DATE: Wednesday, August 3, 1994              TAG: 9408020150
SECTION: VIRGINIA BEACH BEACON    PAGE: 06   EDITION: FINAL 
TYPE: Cover Story 
SOURCE: BY MARY REID BARROW, STAFF WRITER 
                                             LENGTH: Medium:   74 lines

FORMER COAST GUARDSMAN RECALLS HARROWING NIGHT LYLE GUN WAS LOST

Until his horse plunged out from under him into the raging current in an inlet that had sliced through the beach, Ben Wroton did not know he was in the middle of one of the strongest hurricanes ever to hit the area.

Coast Guard Boatswain's Mate Wroton was riding his horse through the storm in pitch darkness on the midnight to 4 a.m. beach patrol out of Little Island Station that fateful night in August 1933. He had no idea the raging seas had already cut an inlet into Back Bay about a half mile south of the station.

``I was riding my horse,'' Wroton recalled, ``when the horse fell into the inlet. It was as dark as all outdoors. I held my hand up and just happened to grab a tree root.''

The tree root saved his life. He was able to crawl back up on the beach but the horse was not so lucky. The animal was swept away into Back Bay by the terrific current. Wroton didn't know what happened to the horse over the following two or three days, but somehow the animal made it back to its stable.

``And then he just lay down,'' Wroton said, ``and passed away.''

The fact that the storm was strong enough to cut an inlet through the beach was the first indication Wroton had that the storm was a dangerous one. In those days, the only clue folks had of approaching bad weather was a falling barometer. He hiked back through the wind and rain to Little Island station where he sounded a general alarm.

He estimated that by that time the winds were blowing 140 to 150 miles per hour and that there was a 50-to-60-foot sea.

Crew members first went to evacuate their families from their beach houses near the station. They were going to carry them to the safety of the life-saving station itself, which was thought to be the safest place to weather the storm because it had been built on pilings. Besides, at that time there was no escape from the remote area anyway.

``That was the only place we had to go,'' Wroton said.

Wroton and the rest of the crew quickly realized the evacuation wasn't going to be easy. They discovered still another inlet had been cut through the beach just to the north of the station. Although the inlet cut the crew off from their families, Wroton said he thinks the inlet was also one of the reasons the station survived.

``The inlet took away the force of the water in front of the building,'' he said.

But it caused no end of problems in rescuing the families on the other side of the rushing inlet. ``I was underwater carrying my wife through the gully,'' he said.

Although all the families made it through the storm, some did not make it to the station.
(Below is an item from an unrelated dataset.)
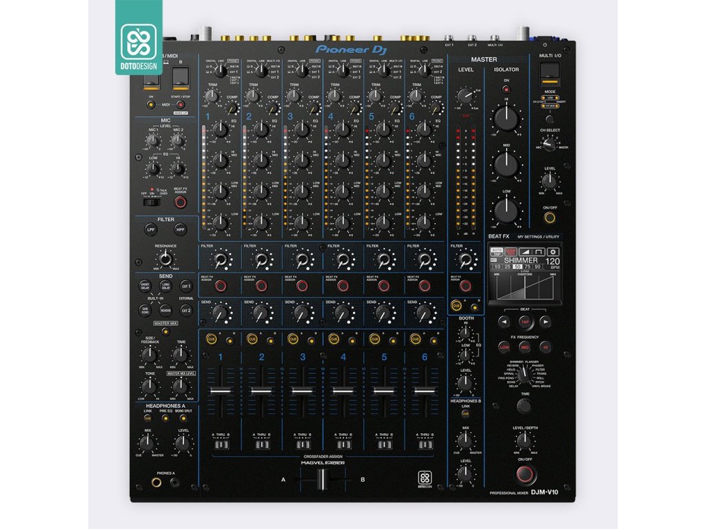 Nalepovací skin pre mixážny pult Pioneer DJM-V10 vo vyhotovení COLORS DVS, farba blue (modrá).

One family was lucky enough to weather the storm up on the only sand dune that wasn't destroyed by the sea. Another family climbed onto their roof to escape the rising water.

``They were carried on their house top into the bay and survived,'' he said. ``A dog, cat, four children and wife - all survived.''

The only building to survive was the station itself. All the crews' homes and the original station filled with life-saving equipment including the Lyle gun were destroyed.

Wroton, who was 25 at the time, said he was never frightened. ``We were young bucks then and didn't see danger in anything. We just did the job.'' ILLUSTRATION: Photo courtesy of U.S. Coast Guard

This photo of the Little Island Station was taken in 1917. It was

being used only as an equipment building when it was destroyed by

the hurricane of 1933. Several crew members and their families

survived in a newer building.

Ben Wroton, 86, a retired boatswain's mate, lost his horse in the

storm, but a tree root saved his life.